[Information shown]
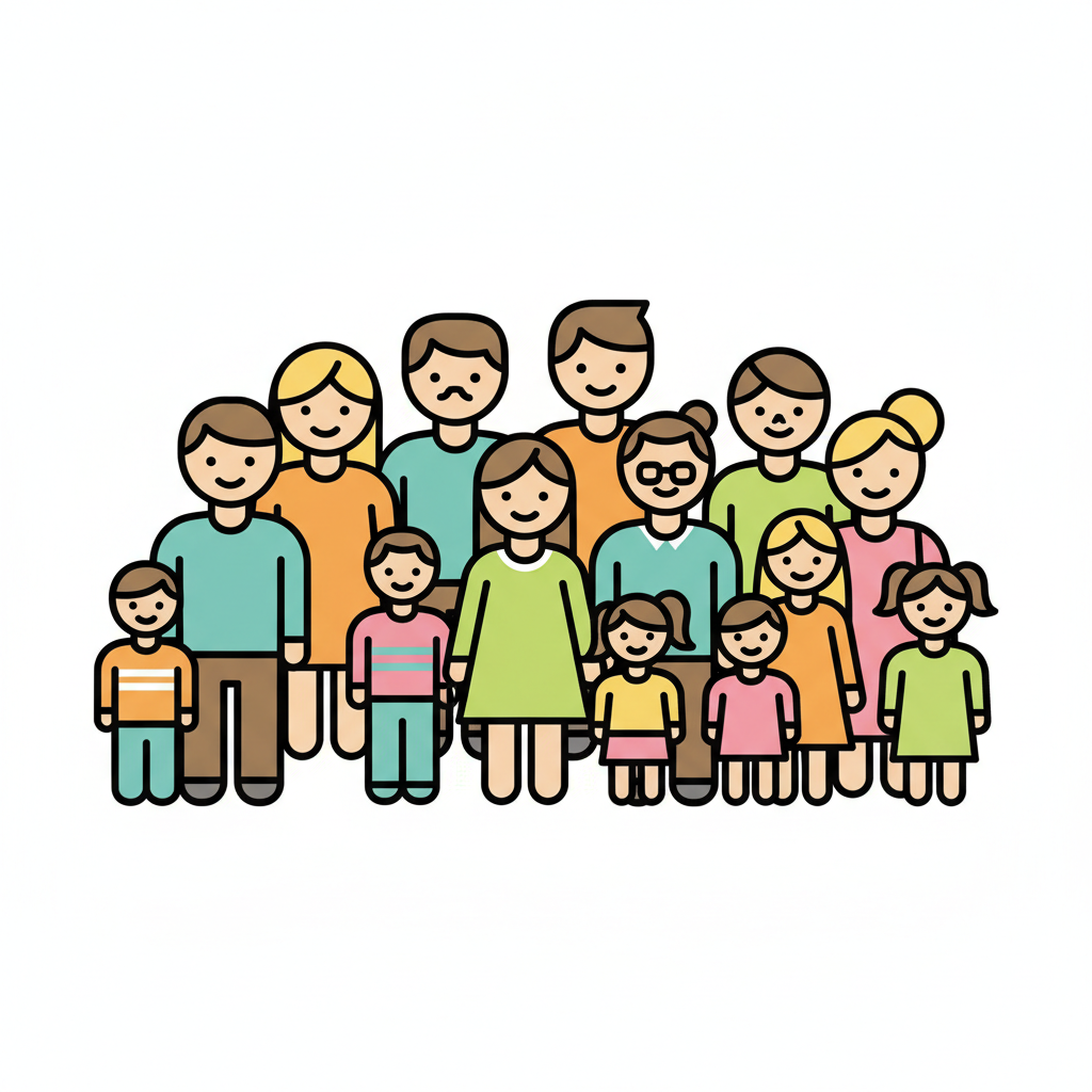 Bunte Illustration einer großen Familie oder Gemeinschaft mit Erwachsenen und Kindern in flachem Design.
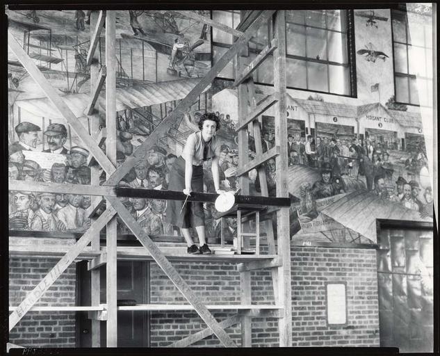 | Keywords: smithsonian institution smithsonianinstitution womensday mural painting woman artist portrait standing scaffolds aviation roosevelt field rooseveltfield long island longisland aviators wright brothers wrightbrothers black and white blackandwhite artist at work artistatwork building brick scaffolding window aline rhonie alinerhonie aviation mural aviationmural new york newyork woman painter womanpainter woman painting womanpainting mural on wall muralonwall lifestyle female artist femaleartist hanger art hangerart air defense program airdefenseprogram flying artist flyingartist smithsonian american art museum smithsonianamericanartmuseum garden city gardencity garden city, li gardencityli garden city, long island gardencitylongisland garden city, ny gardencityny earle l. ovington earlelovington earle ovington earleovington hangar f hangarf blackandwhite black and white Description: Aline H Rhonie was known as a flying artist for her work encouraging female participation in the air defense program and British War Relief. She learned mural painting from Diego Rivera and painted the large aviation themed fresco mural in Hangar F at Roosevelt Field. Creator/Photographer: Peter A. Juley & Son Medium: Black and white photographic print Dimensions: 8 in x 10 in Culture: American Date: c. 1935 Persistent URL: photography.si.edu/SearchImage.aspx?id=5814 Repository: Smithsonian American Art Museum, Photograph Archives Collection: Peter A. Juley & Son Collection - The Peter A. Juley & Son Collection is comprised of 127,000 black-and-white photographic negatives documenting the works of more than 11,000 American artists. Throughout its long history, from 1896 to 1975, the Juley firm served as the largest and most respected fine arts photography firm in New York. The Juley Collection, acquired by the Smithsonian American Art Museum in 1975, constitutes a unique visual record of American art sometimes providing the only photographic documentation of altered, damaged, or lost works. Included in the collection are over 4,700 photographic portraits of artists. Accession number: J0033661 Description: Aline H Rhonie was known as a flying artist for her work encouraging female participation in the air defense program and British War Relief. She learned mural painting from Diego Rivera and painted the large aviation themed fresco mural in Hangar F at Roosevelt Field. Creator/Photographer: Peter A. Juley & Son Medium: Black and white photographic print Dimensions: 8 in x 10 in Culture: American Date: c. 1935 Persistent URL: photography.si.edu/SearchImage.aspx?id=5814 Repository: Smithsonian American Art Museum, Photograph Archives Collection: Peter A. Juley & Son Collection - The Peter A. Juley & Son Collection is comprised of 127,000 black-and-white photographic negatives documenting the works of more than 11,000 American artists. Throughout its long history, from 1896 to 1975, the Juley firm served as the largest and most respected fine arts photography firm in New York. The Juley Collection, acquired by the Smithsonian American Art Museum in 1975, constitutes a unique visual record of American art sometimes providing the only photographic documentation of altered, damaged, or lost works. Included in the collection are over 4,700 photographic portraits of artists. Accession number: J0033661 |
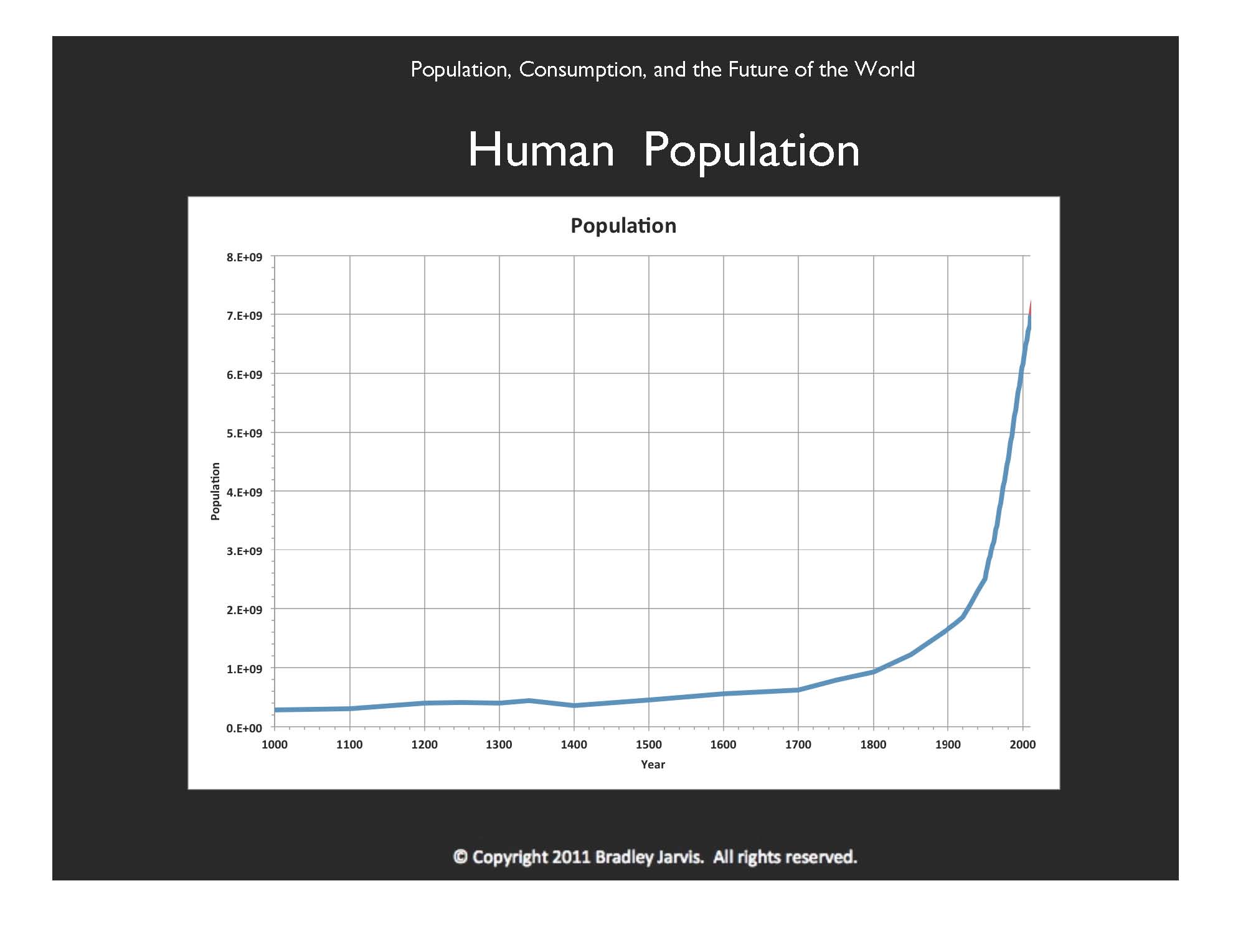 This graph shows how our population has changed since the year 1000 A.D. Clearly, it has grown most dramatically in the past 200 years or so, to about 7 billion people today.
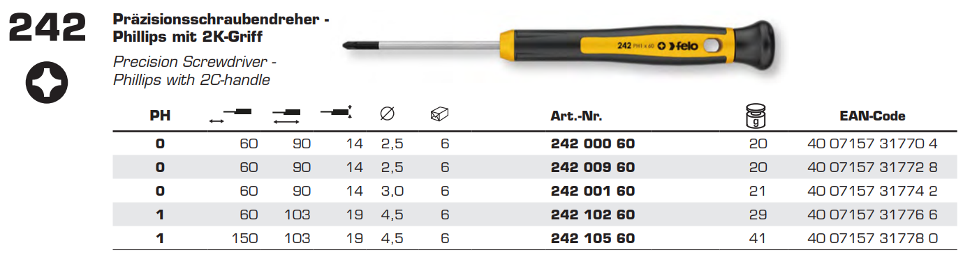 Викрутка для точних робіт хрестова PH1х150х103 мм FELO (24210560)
[/Information shown]
■ **What to produce**
Would you please set down the listing above exactly, minus its images?

■ **Solution to this task**
 Bunte Illustration einer großen Familie oder Gemeinschaft mit Erwachsenen und Kindern in flachem Design.
 | Keywords: smithsonian institution smithsonianinstitution womensday mural painting woman artist portrait standing scaffolds aviation roosevelt field rooseveltfield long island longisland aviators wright brothers wrightbrothers black and white blackandwhite artist at work artistatwork building brick scaffolding window aline rhonie alinerhonie aviation mural aviationmural new york newyork woman painter womanpainter woman painting womanpainting mural on wall muralonwall lifestyle female artist femaleartist hanger art hangerart air defense program airdefenseprogram flying artist flyingartist smithsonian american art museum smithsonianamericanartmuseum garden city gardencity garden city, li gardencityli garden city, long island gardencitylongisland garden city, ny gardencityny earle l. ovington earlelovington earle ovington earleovington hangar f hangarf blackandwhite black and white Description: Aline H Rhonie was known as a flying artist for her work encouraging female participation in the air defense program and British War Relief. She learned mural painting from Diego Rivera and painted the large aviation themed fresco mural in Hangar F at Roosevelt Field. Creator/Photographer: Peter A. Juley & Son Medium: Black and white photographic print Dimensions: 8 in x 10 in Culture: American Date: c. 1935 Persistent URL: photography.si.edu/SearchImage.aspx?id=5814 Repository: Smithsonian American Art Museum, Photograph Archives Collection: Peter A. Juley & Son Collection - The Peter A. Juley & Son Collection is comprised of 127,000 black-and-white photographic negatives documenting the works of more than 11,000 American artists. Throughout its long history, from 1896 to 1975, the Juley firm served as the largest and most respected fine arts photography firm in New York. The Juley Collection, acquired by the Smithsonian American Art Museum in 1975, constitutes a unique visual record of American art sometimes providing the only photographic documentation of altered, damaged, or lost works. Included in the collection are over 4,700 photographic portraits of artists. Accession number: J0033661 Description: Aline H Rhonie was known as a flying artist for her work encouraging female participation in the air defense program and British War Relief. She learned mural painting from Diego Rivera and painted the large aviation themed fresco mural in Hangar F at Roosevelt Field. Creator/Photographer: Peter A. Juley & Son Medium: Black and white photographic print Dimensions: 8 in x 10 in Culture: American Date: c. 1935 Persistent URL: photography.si.edu/SearchImage.aspx?id=5814 Repository: Smithsonian American Art Museum, Photograph Archives Collection: Peter A. Juley & Son Collection - The Peter A. Juley & Son Collection is comprised of 127,000 black-and-white photographic negatives documenting the works of more than 11,000 American artists. Throughout its long history, from 1896 to 1975, the Juley firm served as the largest and most respected fine arts photography firm in New York. The Juley Collection, acquired by the Smithsonian American Art Museum in 1975, constitutes a unique visual record of American art sometimes providing the only photographic documentation of altered, damaged, or lost works. Included in the collection are over 4,700 photographic portraits of artists. Accession number: J0033661 |
 This graph shows how our population has changed since the year 1000 A.D. Clearly, it has grown most dramatically in the past 200 years or so, to about 7 billion people today.
 Викрутка для точних робіт хрестова PH1х150х103 мм FELO (24210560)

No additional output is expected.